To understand what’s contained in the base64 binary field, we need to cast it as a string. In this code block, I’ll also parse the timestamp from our EnqueuedTimeUtc column and then select only the body and date column to move forward.

decoded_df = df
.withColumn(“body”, df[“Body”].cast(“string”))
.withColumn(“date”, from_utc_timestamp(df[“EnqueuedTimeUtc”], ‘UTC’))
.select(“body”, “date”) display(decoded_df)

Surprise! Within the base64 field was actually more JSON. No problem, we can manually create a very simple StructType to parse this field with. I’ll also convert the temperature from Celsius to Fahrenheit. The StructType we’ll define has three fields: messageId, temperature and humidity.

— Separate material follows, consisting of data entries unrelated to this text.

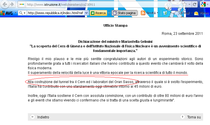Questo e’ il comunicato del Ministero della’Universita’ e della Ricerca. Parole della Gelmini.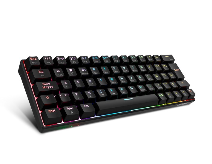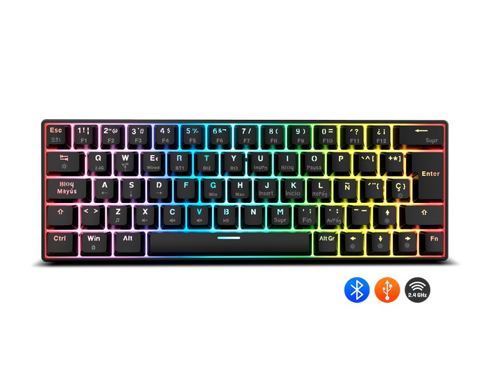 Krom presenta Kyara un teclado ultracompacto que permite ganar espacio en el setup o escritorio gracias a su formato 60%. Con este mini teclado mecánico inalámbrico con RGB no habrá enemigo que se resista. Con su tamaño compacto la comodidad está asegurada. Su tamaño lo hace el teclado mecánico mini perfecto para jugar, aunque también para estudiar o trabajar. Su cuidado diseño hace que se adapte perfectamente a cualquier setup. Podrás conectar este teclado mini mediante Bluetooth, 2.4 GHz o bien, a través de su cable de USB, que ofrece una mayor resistencia al paso del tiempo.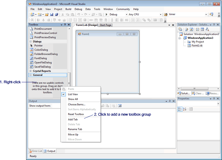 Open a form in your project in design view. Right-click anywhere on the Toolbox and select "Add Tab" from the popup menu.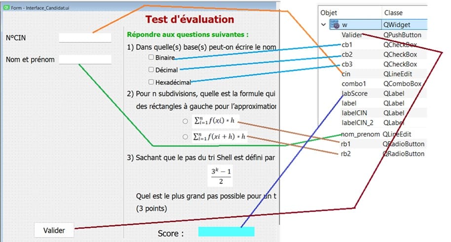 1- En se basant sur la figure 1 de l’annexe, compléter l’interface graphique "Interface_Candidat.ui" par les éléments "Line Edit" et "Label" manquants.

For all intents and purposes, we’re interested in the date (time stamp), the temperature and the humidity. We’ll only retain these columns for our analysis up to this point. In the below code block, we manually construct a JSON schema using the StructType and apply that schema to an individual column in our data frame using the from_json function.

schema = StructType([ StructField(“messageId”, StringType()), StructField(“temperature”, DoubleType()), StructField(“humidity”, DoubleType()) ]) final_df = decoded_df
.select(from_json(“body”, schema).alias(“bodyJson”), “date”)
.select( ((col(“bodyJson.temperature”) * 1.8) + 32).alias(“temperature”), col(“bodyJson.humidity”).alias(“humidity”), col(“date”) ) display(final_df)

We now have the three columns that we’re interested in and can test this workflow on a larger subset of data.

Summary

To recap, we inferred, modified and applied a JSON schema using the built-in .json reader from PySpark. We used the DBFS to store a temporary sample record for teasing out the JSON schema of our source data. This workflow can be useful because it allows us to quickly generate and modify a complex JSON schema. This is also especially useful if you have streaming data coming into Databricks and need a way to experiment with your JSON schema of the incoming messages without interfering with the stream.